Пушкин — П. А. Плетневу.
22 июля 1831. Из Царского Села в Петербург.
26-го июля. <…>
Покамест полагали, что холера прилипчива, как чума, до тех пор карантины были зло необходимое. Но коль скоро начали замечать, что холера находится в воздухе, то карантины должны были тотчас быть уничтожены. 16 губерний вдруг не могут быть оцеплены, а карантины, не подкрепленные достаточно цепию, военною силою, — суть только средства к притеснению и причины к общему неудовольствию. Вспомним, что турки предпочитают чуму карантинам. В прошлом году карантины остановили всю промышленность, заградили путь обозам, привели в нищету подрядчиков и извозчиков, прекратили доходы крестьян и помещиков и чуть не взбунтовали 16 губерний. Злоупотребления неразлучны с карантинными постановлениями, которых не понимают ни употребляемые на то люди, ни народ. Уничтожьте карантины, народ не будет отрицать существования заразы, станет принимать предохранительные меры и прибегнет к лекарям и правительству; но покамест карантины тут, меньшее зло будет предпочтено большему и народ будет более беспокоиться о своем продовольствии, о угрожающей нищете и голоде, нежели о болезни неведомой и коей признаки так близки к отраве.
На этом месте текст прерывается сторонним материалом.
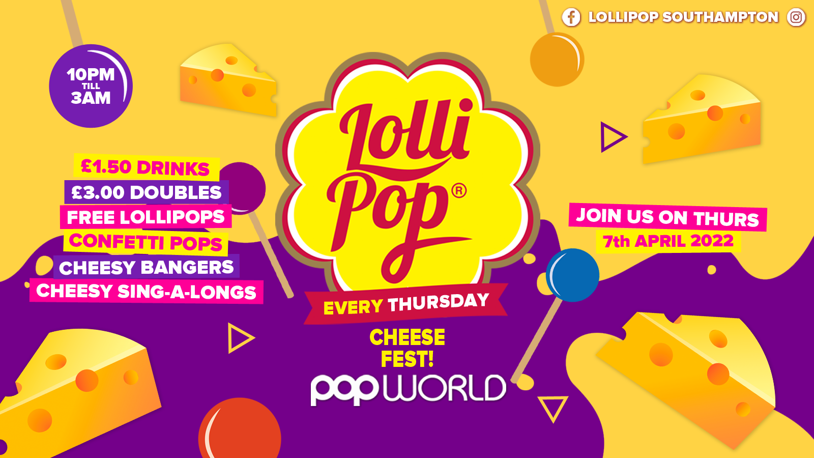 Lollipop Thursdays • Cheese Fest • £1.50 Drinks • Popworld

29-го. Третьего дня государыня родила великого князя Николая. Накануне она позволила фрейлине Россети выйти за Смирнова.
Государь приехал перед самыми родами императрицы. Бунт в Новгородских колониях усмирен его присутствием. Несколько генералов, полковников и почти все офицеры полков Аракчеевского и короля Прусского перерезаны. Мятежники имели списки мнимых отравителей, т. е. начальников и лекарей. Генерала они засекли на плаце; над некоторыми жертвами убийцы ругались. Посадив на стул одного майора, они подходили к нему с шутками: «Ваше высокоблагородие, что это вы так побледнели? Вы сами не свои, вы так смирны», — и с этим словом били его по лицу. Лекарей убито 15 человек; один из них спасен больными, лежащими в лазарете. Этот лекарь находился 12 лет в колонии, был отменно любим солдатами за его усердие и добродушие. Мятежники отдавали ему справедливость, но хотели, однако ж, его зарезать, ибо и он стоял в списке жертв. Больные вытребовали его из-под караула. Мятежники хотели было ехать к Аракчееву в Грузино, чтоб убить его, а дом разграбить. 30 троек были уже готовы. Жандармский офицер, взявший над ними власть, успел уговорить их оставить это намерение. Он было спас и офицеров полка Прусского короля, уговорив мятежников содержать несчастных под арестом; но после его отъезда убийства совершились. Государь обедал в Аракчеевском полку. Солдаты встретили его с хлебом и медом. Арнт, находившийся при нем, сказал им с негодованием: «Вам бы должно вынести кутью». Государь собрал полк в манеже, приказал попу читать молитвы, приложился ко кресту и обратился к мятежникам. Он разругал их, объявил, что не может их простить, и требовал, чтоб они выдали ему зачинщиков. Полк обещался. Свидетели с восторгом и с изумлением говорят о мужестве и силе духа императора.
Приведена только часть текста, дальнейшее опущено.